Task objective: Excluding any images, copy all of the lines below precisely as written.

Recorded data:

▼▼▼

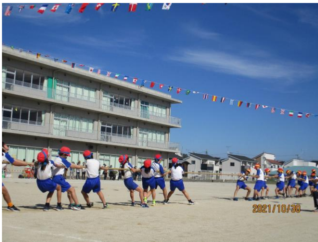
みんなで力を合わせて「せ～のっ！」
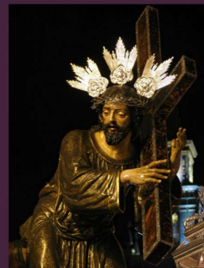
Nuestro Padre Jesús Nazareno

Destaca el simpecado de hacia 1750 y bordado protorococó, presidido por una pintura de la dolorosa coetánea. Junto a él, son reseñables la Cruz de las Esclavas, por su valor estético y simbólico, el conjunto inmaculista de espada, vela y bandera, el senatus, y las distintas pértigas barrocas y varas decimonónicas de los acompañantes.

▲▲▲

Answer box:
みんなで力を合わせて「せ～のっ！」
Nuestro Padre Jesús Nazareno

Destaca el simpecado de hacia 1750 y bordado protorococó, presidido por una pintura de la dolorosa coetánea. Junto a él, son reseñables la Cruz de las Esclavas, por su valor estético y simbólico, el conjunto inmaculista de espada, vela y bandera, el senatus, y las distintas pértigas barrocas y varas decimonónicas de los acompañantes.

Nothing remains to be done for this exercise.